一方、優れた SaaS 請求ソフトウェアを導入すると、利用者のサブスクリプションの詳細に関係なく、継続利用者にシームレスに請求書を発行し、支払いを回収することができます。また、そのようなソフトウェアでは、決済処理システムに対応するためにエンジニアリングチームの時間と労力をかけることなく、SaaS 企業固有のサブスクリプションプランと継続支払いスケジュールを設定することもできます。
グローバルな事業展開に対応
SaaS ビジネスを成長させるには、インフラをグローバルに拡大する必要があります。決済処理においては、購入者がさまざまな言語で支払いプロセスを行えるようにし、さらに、さまざまな通貨と複数の決済手段で決済を受け付けられることが必要です。たとえば、アメリカでは、オンライン購入の際の決済手段としてクレジットカードとデジタルウォレットが特に人気ですが、ドイツの購入者は PayPal や Amazon Pay などのオンライン決済を好みます。さまざまな通貨で決済を受け付けるには、ヨーロッパの決済サービス指令改訂版 (PSD2) や強力な顧客認証 (SCA) など、電子決済サービスに対する地域の規制に確実に準拠できる決済代行業者を選ぶ必要があります。

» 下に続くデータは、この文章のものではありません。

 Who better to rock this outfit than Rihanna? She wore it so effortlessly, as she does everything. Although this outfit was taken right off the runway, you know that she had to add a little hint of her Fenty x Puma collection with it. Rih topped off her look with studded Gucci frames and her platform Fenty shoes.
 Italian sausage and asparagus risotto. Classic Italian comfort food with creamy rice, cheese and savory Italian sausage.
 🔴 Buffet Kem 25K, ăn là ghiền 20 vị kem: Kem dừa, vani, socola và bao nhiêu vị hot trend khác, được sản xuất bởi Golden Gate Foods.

Stripe Payments のように世界中の購入者を念頭に置いて構築されているプラットフォームは、各国で好まれる決済手段の違いを考慮しながら、法令遵守の負担も軽減する仕組みを提供しているため、全世界での売上が増え、外国市場にスムーズに参入できます。
セキュリティ
継続取引では、決済処理に特化したセキュリティシステムを用意することが特に重要です。SaaS 企業は利用者データを安全に保管する責任や、暗号化ツール、トークン化ツールを使用して購入者のクレジットカードデータを保護する責任を負っています。機密情報が自動的に保護され、決済を受け付ける際に不正利用を防止する対策が取られている SaaS 請求ソフトウェアを選ぶ必要があります。そうすれば、SaaS 企業も利用者もデータのセキュリティを気にする必要はありません。
意図しない解約
利用者がサブスクリプションを解約する割合を一般には解約率と呼びます。解約率がゼロになることは決してありませんが、この数字をできるだけ低く抑えることが重要です。新規利用者を獲得するためのコストは、既存の利用者を維持するコストよりも 5 倍高くなることが調査で判明しています。

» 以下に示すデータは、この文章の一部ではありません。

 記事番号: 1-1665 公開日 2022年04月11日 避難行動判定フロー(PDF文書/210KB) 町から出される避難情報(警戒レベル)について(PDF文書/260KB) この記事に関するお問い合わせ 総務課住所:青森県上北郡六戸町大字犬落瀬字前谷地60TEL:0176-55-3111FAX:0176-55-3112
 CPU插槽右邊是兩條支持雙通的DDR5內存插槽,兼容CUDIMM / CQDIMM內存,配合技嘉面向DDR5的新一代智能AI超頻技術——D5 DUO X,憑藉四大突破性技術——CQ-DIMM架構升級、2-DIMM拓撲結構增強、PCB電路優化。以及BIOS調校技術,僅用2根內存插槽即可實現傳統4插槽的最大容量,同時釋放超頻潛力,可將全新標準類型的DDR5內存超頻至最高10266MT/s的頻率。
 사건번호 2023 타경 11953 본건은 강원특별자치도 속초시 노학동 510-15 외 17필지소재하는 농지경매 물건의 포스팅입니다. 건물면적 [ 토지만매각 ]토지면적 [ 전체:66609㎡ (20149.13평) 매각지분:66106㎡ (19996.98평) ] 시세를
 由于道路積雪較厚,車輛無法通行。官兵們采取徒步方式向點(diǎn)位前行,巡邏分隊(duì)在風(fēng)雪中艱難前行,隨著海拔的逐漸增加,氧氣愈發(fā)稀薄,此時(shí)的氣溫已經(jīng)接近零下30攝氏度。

意図しない解約は、決済処理が失敗したときや利用者のサブスクリプションが解約されたときに発生しますが、ユーザー体験を効率化して、決済に問題がある場合は利用者に通知するような SaaS 請求システムを利用すれば回避できます。複数のサードパーティーの請求管理ツールと売上管理ツールをつなぎ合わせて使うよりも、決済とサブスクリプションのあらゆる面を 1 つのプラットフォームで処理できる、Stripe の SaaS ソリューションのようなソリューションを導入すると、意図しない解約を減らすことができます。
収益分析
SaaS ビジネスが成長するにつれて、発生主義会計や売上報告の作業が大変になります。財務レポートの計算をする専用のソフトウェアを使わなければ、作業にとても時間がかかります。また、顧客基盤が拡大すると使用可能なデータも増えるので、新しいビジネスチャンスに関するインサイトが得られ、決済処理中に購入者が直面する問題を発見できます。

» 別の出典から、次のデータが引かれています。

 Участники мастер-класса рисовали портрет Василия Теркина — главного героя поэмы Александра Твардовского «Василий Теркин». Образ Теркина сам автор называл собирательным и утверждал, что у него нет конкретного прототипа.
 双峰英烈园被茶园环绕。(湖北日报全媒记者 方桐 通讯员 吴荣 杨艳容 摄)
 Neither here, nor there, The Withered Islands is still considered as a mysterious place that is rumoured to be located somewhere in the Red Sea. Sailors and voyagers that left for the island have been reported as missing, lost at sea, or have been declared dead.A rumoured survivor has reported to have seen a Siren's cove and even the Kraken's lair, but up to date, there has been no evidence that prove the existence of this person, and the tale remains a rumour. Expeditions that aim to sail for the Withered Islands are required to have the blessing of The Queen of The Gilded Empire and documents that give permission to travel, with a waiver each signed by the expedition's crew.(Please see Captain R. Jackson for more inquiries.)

総合的な SaaS 決済処理プラットフォームには収益管理機能も含まれているので、すべての取引の会計処理が自動的に行われます。たとえば、Stripe Revenue Recognition はアップグレード、ダウングレード、返金、不審請求の申請を追跡できるため、ビジネス全体をすぐに把握できます。
SaaS 請求ソフトウェアを選ぶポイント
効率的な SaaS 決済処理システムを利用すると、請求に関連する悩みが解消されます。請求、支払い、サブスクリプション管理のツールが統合されているソリューションを導入すると、月々の時間とコストを節約できます。SaaS 請求ソフトウェアを選ぶポイントをご紹介します。
請求
SaaS 企業は請求書を発効して請求を行わない限り、支払いを受けることはできません。そのため、請求ソフトウェアではこのような基本的な作業を素早く簡単に処理しなければなりません。請求ロジックを柔軟に設定できるソフトウェアを利用すると、定額制サブスクリプションや、利用者のサービス使用量に応じて請求額が決まる従量課金など、ビジネスに最適な請求方法のタイプを選べます。決済
SaaS 請求ソフトウェアには、さまざまな決済手段を受け付け、不正な支払いを未然に検出し、ペイメントカード業界 (PCI) のセキュリティ基準に準拠していることが基本的な要件として求められます。収益管理
ビジネスの拡大に合わせて、収益管理を自動化できるシステムを利用すると、ビジネスの財務状況を引き続き総合的に把握でき、利益を増やすことができます。サブスクリプション管理
サブスクリプション管理には、無料トライアルの管理から、返金への応対と処理まで、自動化するのが難しいサブスクリプションの運用と管理に関連するあらゆる変動要素が含まれます。各地域への適応
グローバル企業は、世界各国の利用者の言語と通貨に対応でき、なおかつ、すべての取引が現地の決済規制に準拠できるようにしてくれる決済代行業者を求めています。VAT と売上税
世界各国の VAT と売上税の法令を常に遵守するには、専任のチームが必要です。甘く見ていると、罰金を科されかねません。取引をモニタリングし、購入者の所在地に基づいて適切な税額を計算して徴収できる請求システムが重要になります。
統合 SaaS 決済ソリューションはこのようなすべての機能を網羅しているため、エンジニアリングの作業時間を増やさなくても、効率化、ミスの低減、経常収益アップを実現できます。
この記事の内容は、一般的な情報および教育のみを目的としており、法律上または税務上のアドバイスとして解釈されるべきではありません。Stripe は、記事内の情報の正確性、完全性、妥当性、または最新性を保証または請け合うものではありません。特定の状況については、管轄区域で活動する資格のある有能な弁護士または会計士に助言を求める必要があります。